According to the WHO, the SARS-COV-2 pathogen mainly spreads via tiny droplets that arise from an infected person's mouth when they cough, sneeze, talk, or laugh. Hence the oral cavity, which forms a major part of the immune defense against the novel Coronavirus, should be strictly maintained in hygiene. Doctors suggest the following measures as per the latest research, which indicates that the oral cavity can be a reservoir of microorganisms that maintain their viability for a significant period of time, ranging from 24 hours to 7 days. Microbial survival promotes the easy spread of fungal or viral pathogens into the oral cavity.
Brushing daily for a minimum of two minutes every day should not be ignored by COVID patients and those who have recovered from COVID.
- Toothbrushes should not be shared commonly nor be kept in a common holder as the virus has a tendency to replicate via infected surfaces.
- COVID-19 patients in a clinical setting are advised by physicians and dentists to rinse their mouth with Betadine gargle or regular antiseptic mouthwashes. In the absence of mouthwash, the patient can also rinse with warm saline water or warm salt water to ward off infection spread through the oral cavity.
- Disinfecting the toothbrush in an antiseptic solution while the patient is suffering from COVID also helps maintain infection control in a clinical setting or in-home quarantine.
- Post recovery from COVID, toothbrushes need to be disposed of and replaced by a new brush as the virus may have thrived on the bristles of the brush that can cause respiratory infections afresh.
What Are the Treatment Strategies for Mucormycosis?
Early detection and multidisciplinary treatment is the gold standard for physicians and maxillofacial surgeons to detect Mucormycosis. Controlling diabetes and modulating immunosuppressant drugs. Proper oral hygiene, diagnosis by the dentist, and relevant antifungal therapy to treat this fungal infection are useful in the further aggravation of the deadly fungus. As per government advisory, medical treatment once a COVID patient is infected with mucormycosis is mainly by insertion peripherally of a central catheter to maintain systemic hydration in the body. Infusion of normal saline and treatment with the drug Amphotericin B before infusion of the saline intravenously is also a mainline treatment.

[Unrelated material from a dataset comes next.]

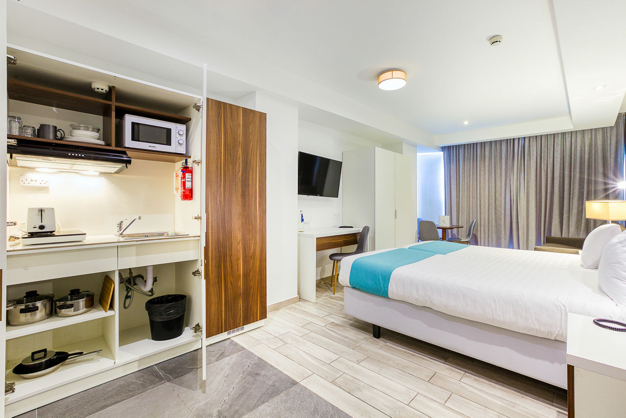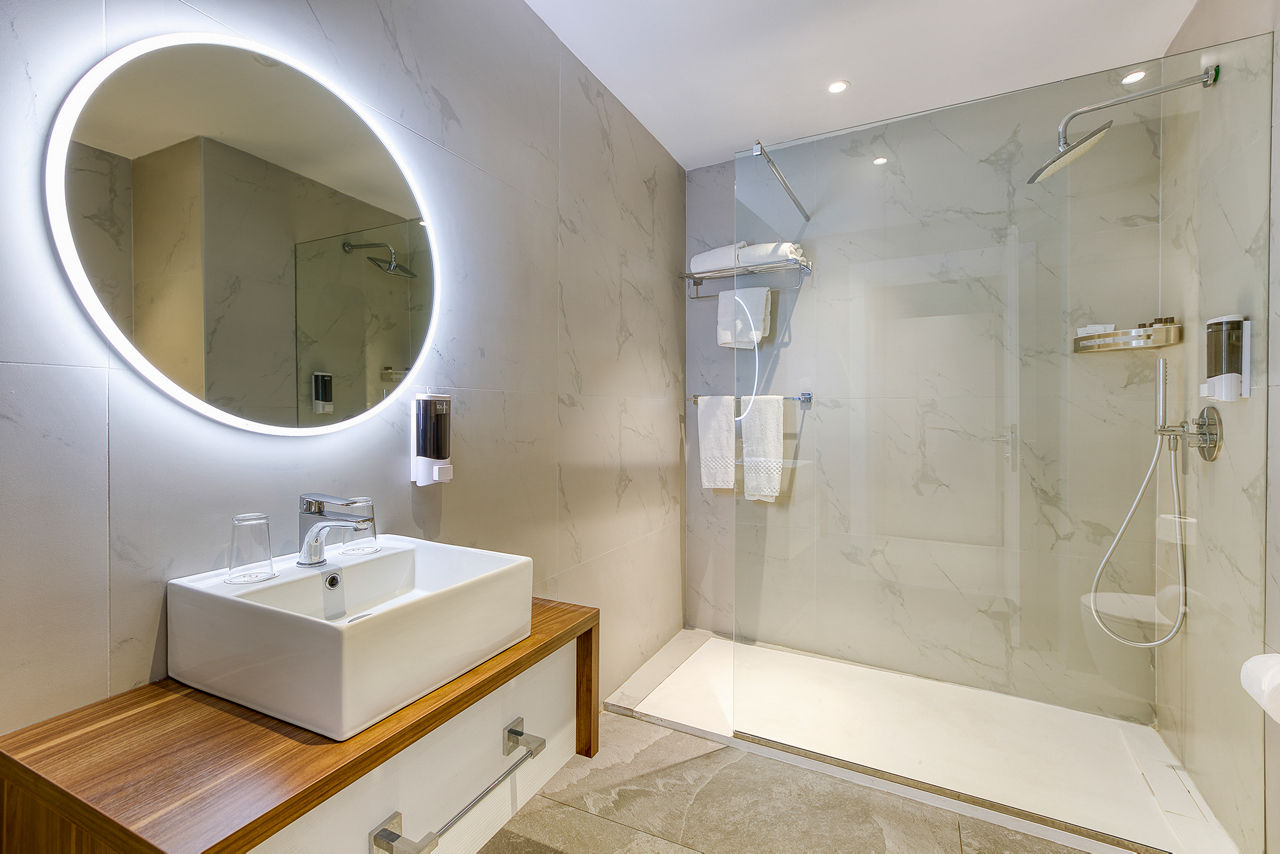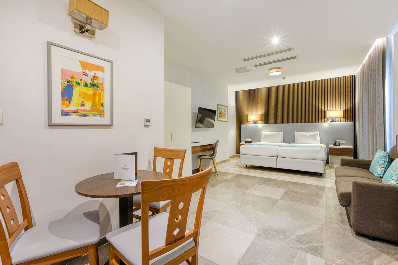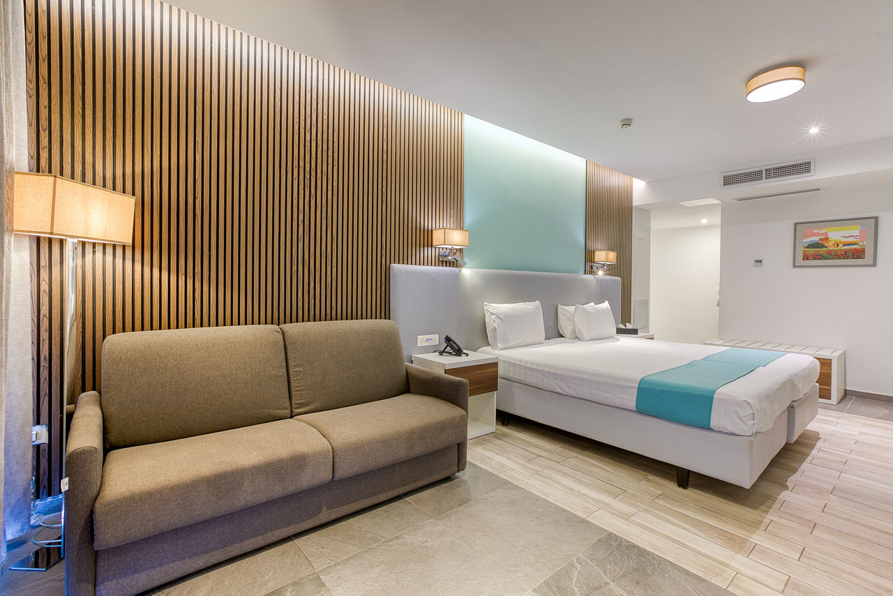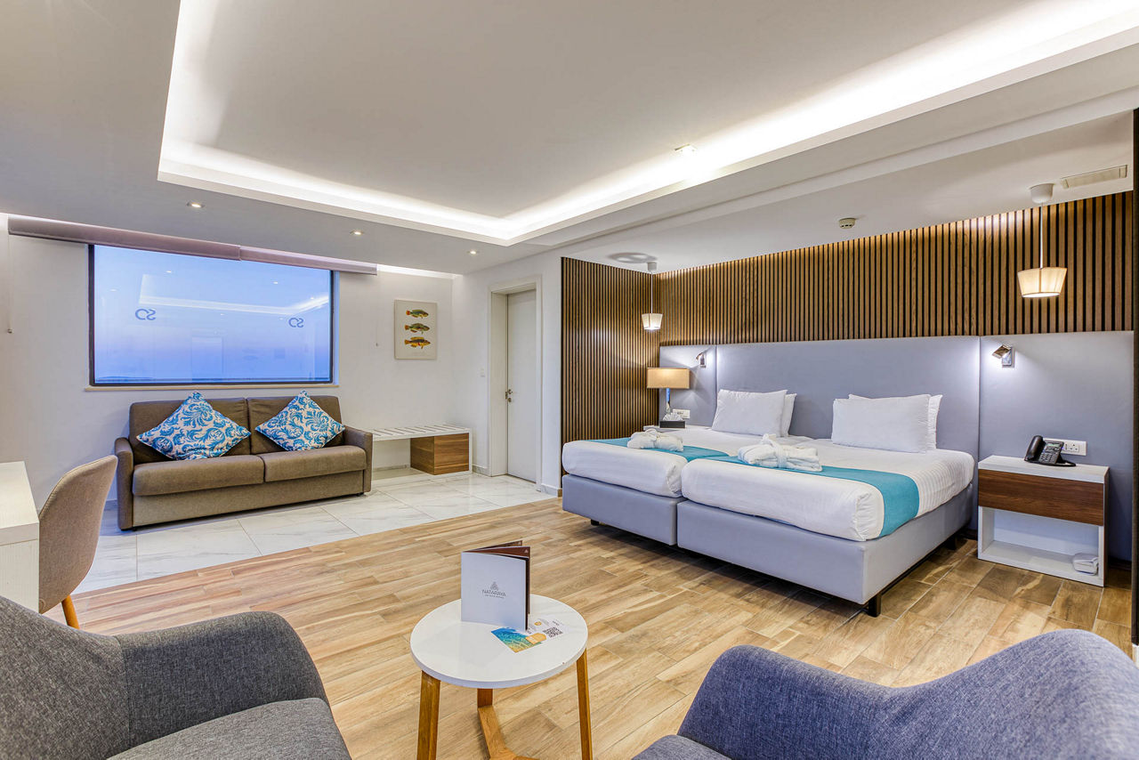 Internal Double and Twin rooms sleep 2 adults and have a full bathroom, hairdryer, air conditioning, satellite TV, fridge, tea and coffee making facilities, safety deposit box* and Wi-Fi* (please note, this is an internal room with no balcony or window). Standard Double and Twin rooms sleeping up to 3 adults with a balcony or terrace, Junior suites sleeping up to 3 adults with a balcony or terrace and with a kitchenette, Deluxe studios sleeping up to 4 adults with a balcony or terrace and with a sofa, kitchenette and dining facility, Double and Twin rooms for Sole Use or Single Parent Use and Junior suites for Sole Use or Single Parent Useare also available.

The patient should be monitored thoroughly by the dentist and the physician in a COVID clinical setting while oral and physical examination. Radio imaging has also been useful in knowing the stage of disease progression of the fungus as it primarily impacts the brain and lungs though its manifestation is seen more in the oral cavity and the sinuses of the face. Hence self-medication by the COVID patients (or asymptomatic COVID patients who suspect a fungal infection for mucormycosis) is strictly not advisable. Without consulting a physician or maxillofacial or dental surgeon, the infection in the current scenario is indeed life-threatening.
Oral hygiene and standard is a major and crucial factor to recovery from this deadly fungal infection.